Thursday, October 18

A origem da heteronímia em Pessoa VI


Isto explica, tant bien que mal, a origem orgânica do meu heteronismo. Vou agora fazer-lhe a história directa dos meus heterónimos. Começo por aqueles que morreram, e de alguns dos quais já não me lembro - os que jazem perdidos no passado da minha infância quase esquecida.


Desde criança tive a tendência para criar em meu torno um mundo fictício, de me cercar de amigos e conhecidos que nunca existiram. (Não sei, bem entendido, se realmente não existiram, ou se sou eu que não existo. Nestas coisas, como em todas, não devemos ser dogmáticos.) Desde que me conheço como sendo aquilo a que chamo eu, me lembro de precisar mentalmente, em figura, movimentos, carácter e história, várias figuras irreais que eram para mim tão visíveis e minhas como as coisas daquilo a que chamamos, porventura abusivamente, a vida real. Esta tendência, que me vem desde que me lembro de ser eu, tem-me acompanhado sempre, mudando um pouco o tipo de música com que me encanta, mas não alterando nunca a sua maneira de encantar.

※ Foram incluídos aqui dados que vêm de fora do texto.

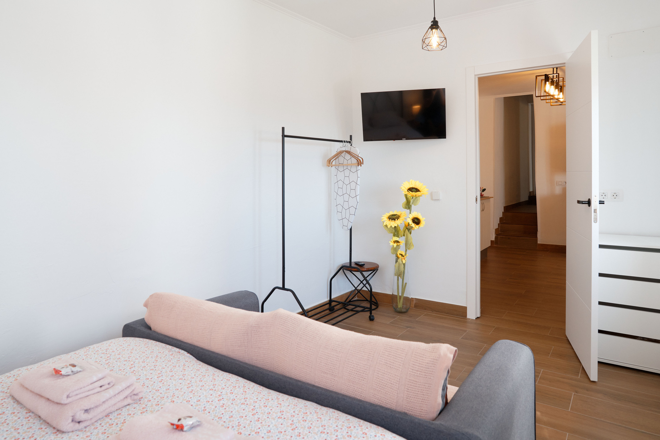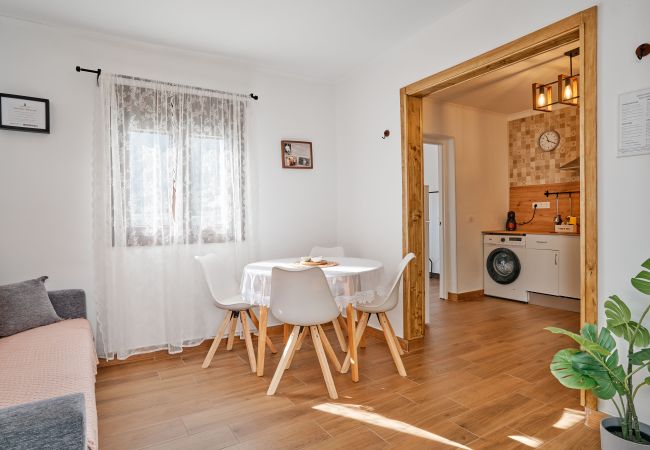 En el interior, el apartamento ofrece un diseño moderno, luminoso y funcional. El salón-comedor con cocina abierta está totalmente equipado e incluye Smart TV, sofá, zona de comedor, lavadora, cafetera Dolce Gusto, utensilios de cocina, nevera y microondas, pensado para que te sientas como en casa desde el primer momento. Dispone de dos dormitorios con camas dobles, armarios y una atmósfera tranquila para un descanso reparador. El baño independiente cuenta con ducha y secador de pelo. Cuna disponible bajo petición, ideal para familias que viajan con bebés. El estacionamiento es gratuito en la calle, a pocos metros de la vivienda, lo que facilita la movilidad durante tu estancia.

Lembro, assim, o que me parece ter sido o meu primeiro heterónimo, ou antes, o meu primeiro conhecido inexistente - um certo Chevalier de Pas dos meus seis anos, por quem escrevia cartas dele a mim mesmo, e cuja figura, não inteiramente vaga, ainda conquista aquela parte da minha afeição que confina com a saudade. Lembro-me, com menos nitidez, de uma outra figura, cujo nome me não ocorre mas que o tinha estrangeiro também, que era, não sei em quê, um rival do Chevalier de Pas...Coisas que acontecem a todas as crianças? Sem dúvida - ou talvez. Mas a tal ponto as vivi que as vivo ainda, pois que as relembro de tal modo que me é mister um esforço para me fazer saber que não foram realidades.